Вячеслав Шапошников - К земле неведомой: Повесть о Михаиле Брусневе
Люди, исповедующие такие принципы, не имеют права называться революционерами, ибо революционер доджей быть человеком твердых и чистых принципов.
— Значит… вы… совершенно не приемлете террор? — спросил Кашинский, и Михаилу стало ясно, что спрошено было с подвохом.
— Совершенно не приемлю, — твердо ответил он.
— Хорошо… Хорошо… — Кашинский принялся листать тетрадочку, лежащую перед ним на столе. — Давайте посмотрим, как об этом сказано самим Марксом… Вот! — Он хлопнул по тетрадочке. — Я специально выписал, послушайте: — «Насилие является повивальной бабкой всякого старого общества, когда оно беременно новым». Что вы на это скажете?! — он уже с вызовом посмотрел на Михаила. — Тут не может быть двух толкований. Понимать эти слова можно лишь однозначно, лишь так: когда старая общественная форма уже готова разрешиться от бремени новым общественным строем, насилие должно сыграть роль повивальной бабки! То есть помочь родам!..
— Да, толкование верное, — Михаил усмехнулся, — но в том-то и дело, что тут разумеется не террор, а именно сама революция! Разве же не понятно?! Революция — да! Тут насилие — неизбежность. Старое не уступит новому своего без борьбы. Но к этому надо еще подойти! К этой явной беременности старого общества новым, к этим родам!

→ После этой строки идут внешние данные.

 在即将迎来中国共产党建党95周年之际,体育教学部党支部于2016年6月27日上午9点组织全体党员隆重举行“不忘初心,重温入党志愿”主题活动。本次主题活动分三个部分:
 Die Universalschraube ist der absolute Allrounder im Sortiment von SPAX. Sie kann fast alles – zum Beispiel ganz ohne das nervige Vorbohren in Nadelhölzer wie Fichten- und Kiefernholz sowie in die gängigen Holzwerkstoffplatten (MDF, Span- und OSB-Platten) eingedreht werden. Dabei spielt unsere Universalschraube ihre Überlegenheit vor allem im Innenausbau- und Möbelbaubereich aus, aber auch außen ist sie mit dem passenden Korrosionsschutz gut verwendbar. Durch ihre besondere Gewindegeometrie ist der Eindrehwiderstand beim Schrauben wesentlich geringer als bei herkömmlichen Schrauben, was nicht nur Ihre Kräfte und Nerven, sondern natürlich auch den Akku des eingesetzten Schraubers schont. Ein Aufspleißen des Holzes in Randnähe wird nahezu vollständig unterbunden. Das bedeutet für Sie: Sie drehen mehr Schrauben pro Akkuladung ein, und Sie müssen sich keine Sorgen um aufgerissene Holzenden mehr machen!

В нынешнем положении все еще весьма далеко от родов. Мы с вами еще так малочисленны. Надо накапливать силы, глубоко и серьезно готовиться к тому последнему акту. При беременности, — Михаил подмигнул Кашинскому, — не торопятся, иначе может получиться выкидыш…

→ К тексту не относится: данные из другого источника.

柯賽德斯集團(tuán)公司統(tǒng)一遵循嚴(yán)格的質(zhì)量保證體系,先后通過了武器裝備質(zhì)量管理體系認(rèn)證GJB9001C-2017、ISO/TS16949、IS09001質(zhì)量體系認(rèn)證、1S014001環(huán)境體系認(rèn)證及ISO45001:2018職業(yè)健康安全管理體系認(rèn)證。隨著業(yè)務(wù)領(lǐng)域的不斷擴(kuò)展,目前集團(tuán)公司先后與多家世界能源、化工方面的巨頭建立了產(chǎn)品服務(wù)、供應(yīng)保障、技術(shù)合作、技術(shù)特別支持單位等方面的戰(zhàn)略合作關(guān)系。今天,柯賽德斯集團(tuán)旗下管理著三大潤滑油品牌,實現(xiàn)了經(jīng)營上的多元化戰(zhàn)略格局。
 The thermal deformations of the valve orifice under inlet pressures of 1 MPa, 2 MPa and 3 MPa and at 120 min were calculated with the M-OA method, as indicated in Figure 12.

Егупов неожиданно расхохотался:
— Браво, Михаил Иваныч! Ловко сказано!..
Кашинский глянул на него, как на перебежчика, захлопнув тетрадочку, сказал, ни на кого не глядя:
— Не знаю… Сказано, может быть, и ловко… Но на всем этим нет революционной поэзии, нет порыва… У некоторых марксистов все расписано, все по полочкам. Вот тут — политэкономия, вот тут — натурфилософия, вот тут—«Манифест»… Мне больше по душе схватка! В открытую! Импровизация борьбы… Хотя… я тоже считаю себя марксистом…
— Им-про-ви-за-цня… — усмехнулся Михаил. — Вот-вот… А истинная революционность — большое, трудное, рассчитанное на терпенье и годы дело…
— Ладно! — примирительно махнул рукой Кашинский. — Мы собрались не ради того, чтобы иметь возможность продемонстрировать, так сказать, свое полемическое мастерство.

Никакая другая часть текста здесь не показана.